[Task item]:
Take the entries below and reproduce exactly the portion that begins at the line containing "There are different" and ends at the line containing "Oikiture Bed Frame", keeping both ends, dropping pictures, and adding nothing else.

[Exercise input]:
****

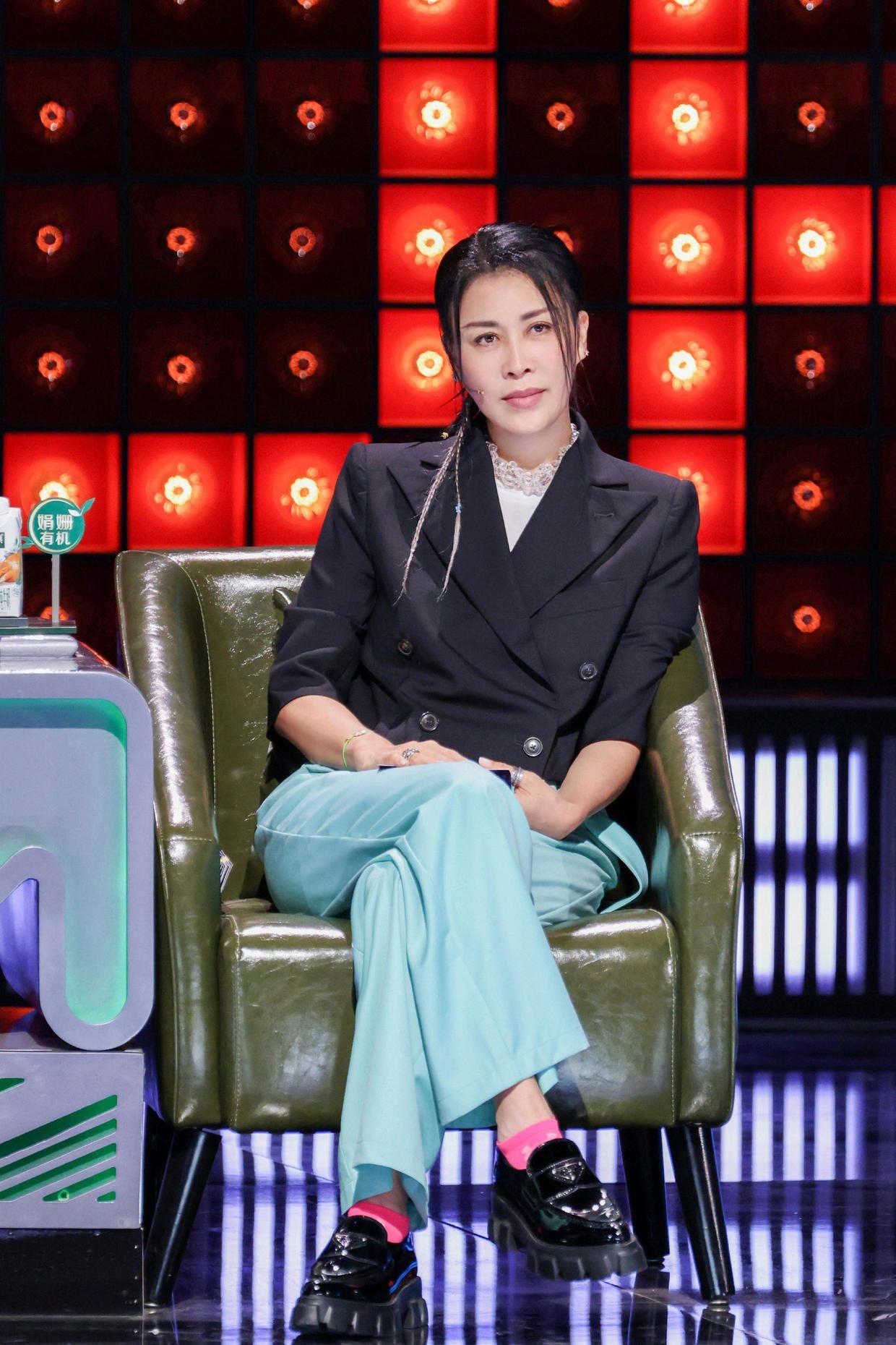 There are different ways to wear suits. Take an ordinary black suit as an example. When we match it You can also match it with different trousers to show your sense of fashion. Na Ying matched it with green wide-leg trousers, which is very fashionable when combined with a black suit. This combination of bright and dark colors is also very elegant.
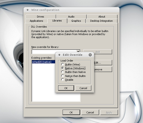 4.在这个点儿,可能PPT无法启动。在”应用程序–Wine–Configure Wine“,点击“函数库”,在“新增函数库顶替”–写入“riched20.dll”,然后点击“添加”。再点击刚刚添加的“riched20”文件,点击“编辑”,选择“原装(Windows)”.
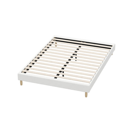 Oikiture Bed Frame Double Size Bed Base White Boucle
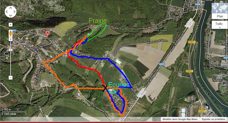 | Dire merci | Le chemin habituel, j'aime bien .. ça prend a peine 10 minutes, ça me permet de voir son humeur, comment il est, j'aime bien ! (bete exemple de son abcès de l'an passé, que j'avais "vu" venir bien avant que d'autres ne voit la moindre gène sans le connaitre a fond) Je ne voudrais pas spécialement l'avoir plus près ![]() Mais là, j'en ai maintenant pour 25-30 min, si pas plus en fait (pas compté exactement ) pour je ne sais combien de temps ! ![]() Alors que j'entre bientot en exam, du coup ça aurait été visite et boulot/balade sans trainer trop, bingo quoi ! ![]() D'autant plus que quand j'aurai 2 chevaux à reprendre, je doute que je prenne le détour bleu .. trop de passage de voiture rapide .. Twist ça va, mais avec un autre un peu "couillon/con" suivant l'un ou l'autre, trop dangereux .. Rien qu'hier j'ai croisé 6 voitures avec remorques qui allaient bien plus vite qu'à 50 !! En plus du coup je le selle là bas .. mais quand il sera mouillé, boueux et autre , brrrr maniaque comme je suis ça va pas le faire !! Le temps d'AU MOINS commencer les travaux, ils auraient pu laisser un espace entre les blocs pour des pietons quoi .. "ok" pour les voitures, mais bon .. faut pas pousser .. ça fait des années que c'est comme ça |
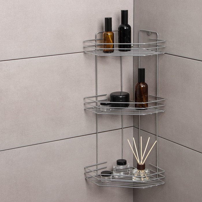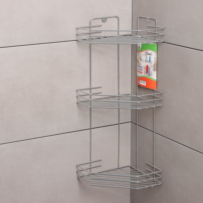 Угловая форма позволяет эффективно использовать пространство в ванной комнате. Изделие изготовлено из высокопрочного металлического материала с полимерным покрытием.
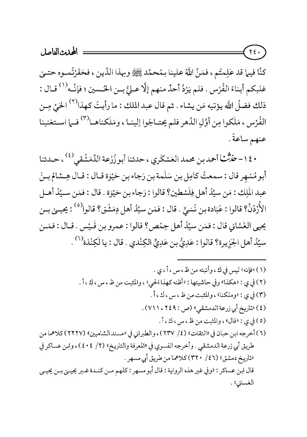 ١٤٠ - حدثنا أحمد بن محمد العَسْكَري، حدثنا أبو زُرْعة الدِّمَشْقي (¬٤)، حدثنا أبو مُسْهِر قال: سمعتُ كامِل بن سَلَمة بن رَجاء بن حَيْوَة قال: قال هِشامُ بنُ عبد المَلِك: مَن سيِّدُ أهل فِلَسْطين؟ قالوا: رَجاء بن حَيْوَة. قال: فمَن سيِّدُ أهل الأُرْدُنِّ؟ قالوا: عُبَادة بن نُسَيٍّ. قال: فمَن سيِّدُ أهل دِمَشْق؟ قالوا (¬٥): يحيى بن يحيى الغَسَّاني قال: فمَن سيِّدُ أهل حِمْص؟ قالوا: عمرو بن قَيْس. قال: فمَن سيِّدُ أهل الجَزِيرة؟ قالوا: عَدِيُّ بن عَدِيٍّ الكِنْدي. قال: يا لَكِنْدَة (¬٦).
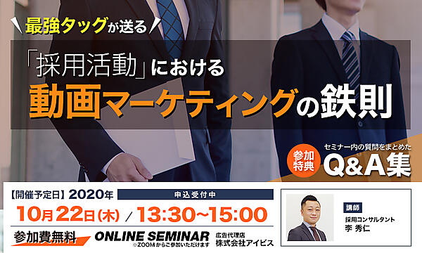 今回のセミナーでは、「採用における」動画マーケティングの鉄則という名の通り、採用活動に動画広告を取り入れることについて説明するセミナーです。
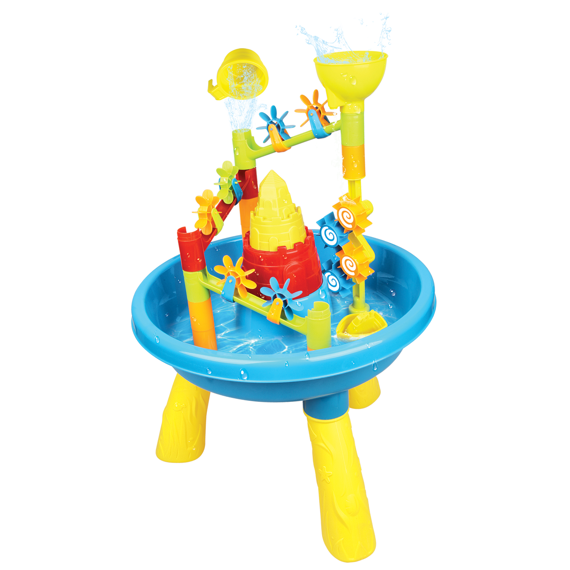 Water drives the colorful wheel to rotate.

****

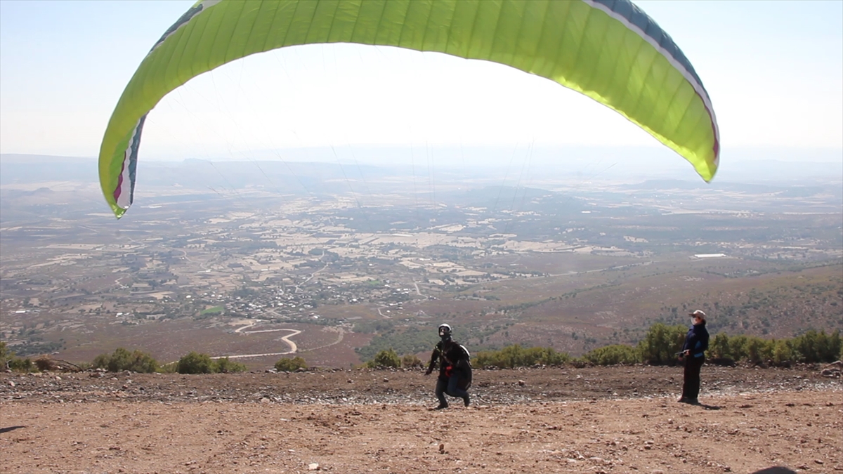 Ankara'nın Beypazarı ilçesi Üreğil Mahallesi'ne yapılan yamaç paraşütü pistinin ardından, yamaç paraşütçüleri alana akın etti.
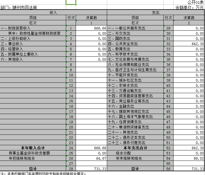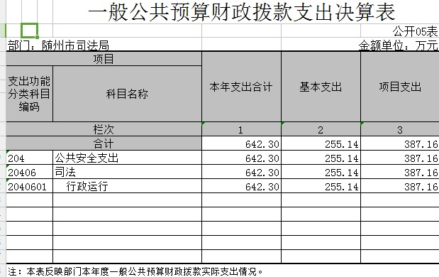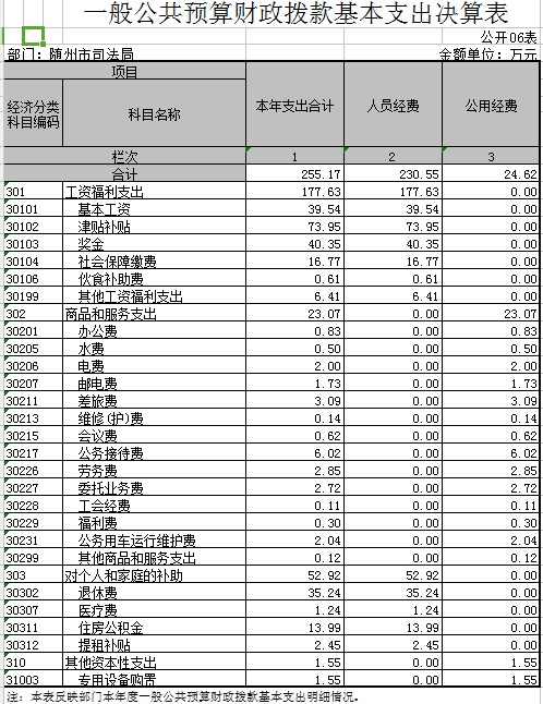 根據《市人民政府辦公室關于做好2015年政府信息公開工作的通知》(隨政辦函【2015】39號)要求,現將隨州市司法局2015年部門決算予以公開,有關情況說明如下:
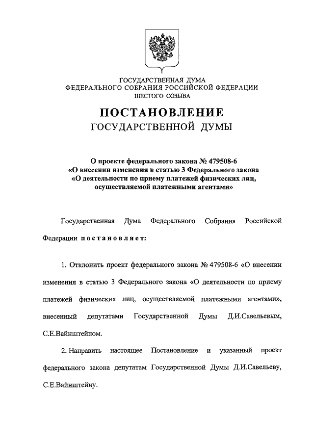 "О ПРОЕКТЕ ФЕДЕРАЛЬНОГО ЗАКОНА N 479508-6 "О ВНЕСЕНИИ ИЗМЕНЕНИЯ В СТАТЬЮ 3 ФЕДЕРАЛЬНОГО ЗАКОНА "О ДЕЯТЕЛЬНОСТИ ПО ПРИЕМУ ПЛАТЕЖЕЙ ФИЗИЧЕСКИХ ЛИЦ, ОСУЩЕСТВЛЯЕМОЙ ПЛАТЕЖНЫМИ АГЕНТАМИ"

****

[Exercise output]:
 There are different ways to wear suits. Take an ordinary black suit as an example. When we match it You can also match it with different trousers to show your sense of fashion. Na Ying matched it with green wide-leg trousers, which is very fashionable when combined with a black suit. This combination of bright and dark colors is also very elegant.
 4.在这个点儿,可能PPT无法启动。在”应用程序–Wine–Configure Wine“,点击“函数库”,在“新增函数库顶替”–写入“riched20.dll”,然后点击“添加”。再点击刚刚添加的“riched20”文件,点击“编辑”,选择“原装(Windows)”.
 Oikiture Bed Frame Double Size Bed Base White Boucle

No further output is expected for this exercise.